## What the exercise asks
Reproduce the listing exactly and skip over any pictures.

## Information supplied
Content starts

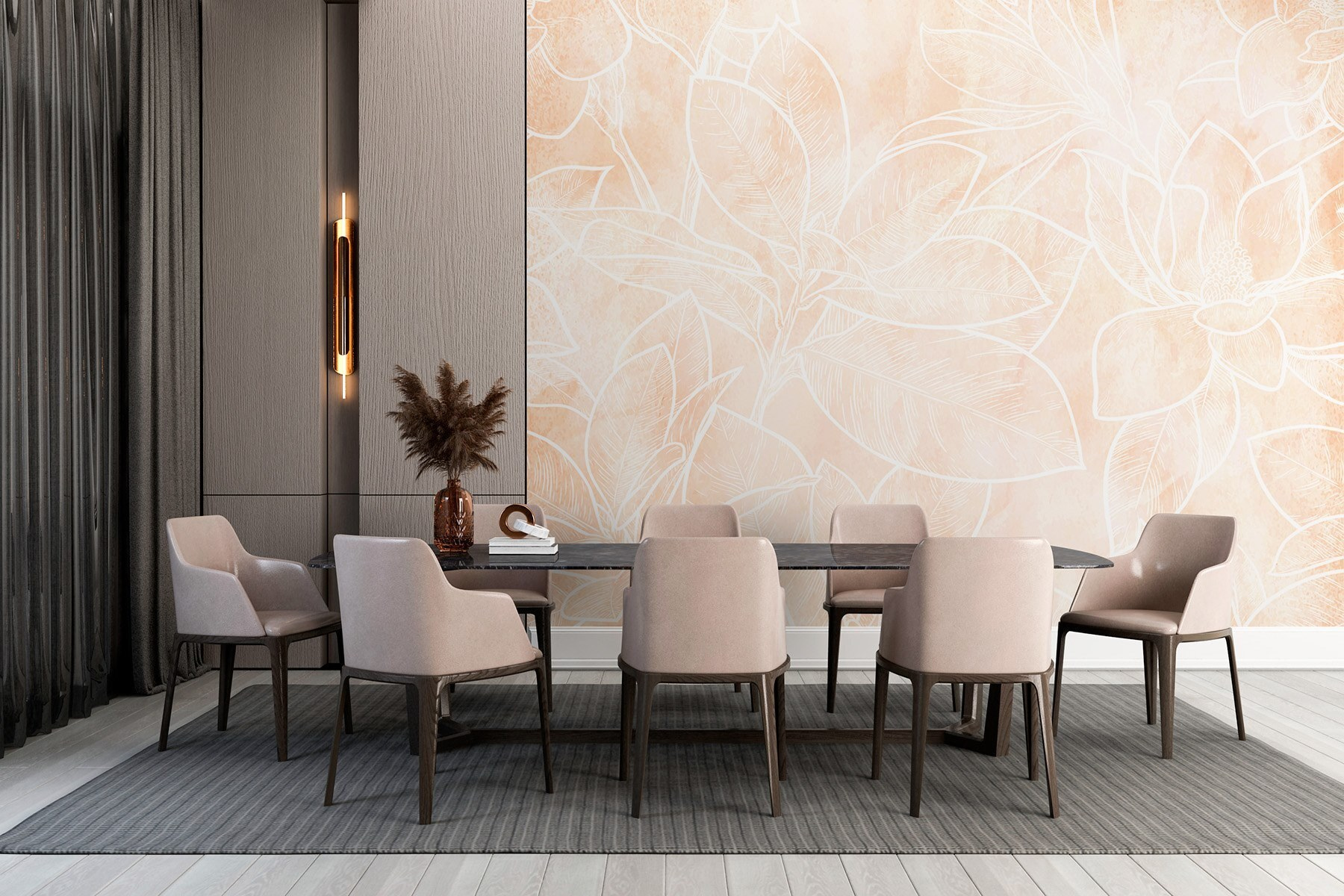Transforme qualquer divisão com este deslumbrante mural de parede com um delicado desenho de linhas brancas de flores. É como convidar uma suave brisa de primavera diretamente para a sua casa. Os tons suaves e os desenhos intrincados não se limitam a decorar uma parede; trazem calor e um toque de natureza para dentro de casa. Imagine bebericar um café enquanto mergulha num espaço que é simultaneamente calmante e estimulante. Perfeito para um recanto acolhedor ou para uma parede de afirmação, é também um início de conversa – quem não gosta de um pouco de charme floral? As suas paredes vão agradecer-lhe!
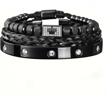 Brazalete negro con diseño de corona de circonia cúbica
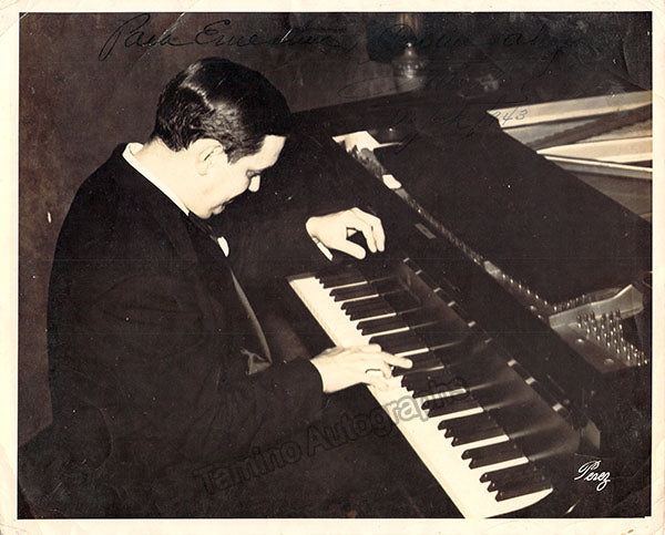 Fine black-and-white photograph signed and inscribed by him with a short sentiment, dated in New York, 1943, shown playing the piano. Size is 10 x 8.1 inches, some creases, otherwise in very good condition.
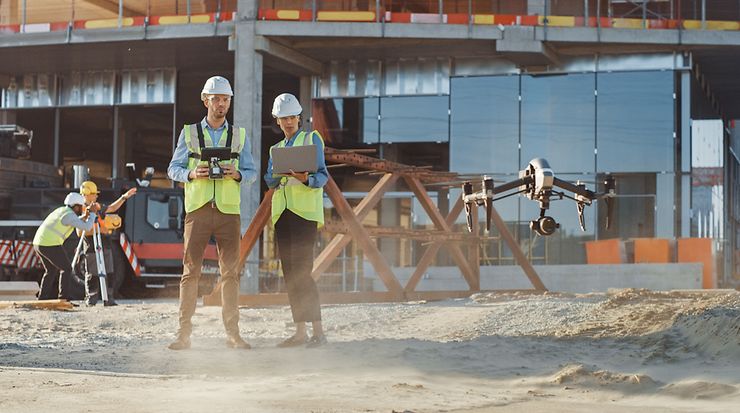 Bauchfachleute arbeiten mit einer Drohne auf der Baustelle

Content ends

## Answer to this task
Transforme qualquer divisão com este deslumbrante mural de parede com um delicado desenho de linhas brancas de flores. É como convidar uma suave brisa de primavera diretamente para a sua casa. Os tons suaves e os desenhos intrincados não se limitam a decorar uma parede; trazem calor e um toque de natureza para dentro de casa. Imagine bebericar um café enquanto mergulha num espaço que é simultaneamente calmante e estimulante. Perfeito para um recanto acolhedor ou para uma parede de afirmação, é também um início de conversa – quem não gosta de um pouco de charme floral? As suas paredes vão agradecer-lhe!
 Brazalete negro con diseño de corona de circonia cúbica
 Fine black-and-white photograph signed and inscribed by him with a short sentiment, dated in New York, 1943, shown playing the piano. Size is 10 x 8.1 inches, some creases, otherwise in very good condition.
 Bauchfachleute arbeiten mit einer Drohne auf der Baustelle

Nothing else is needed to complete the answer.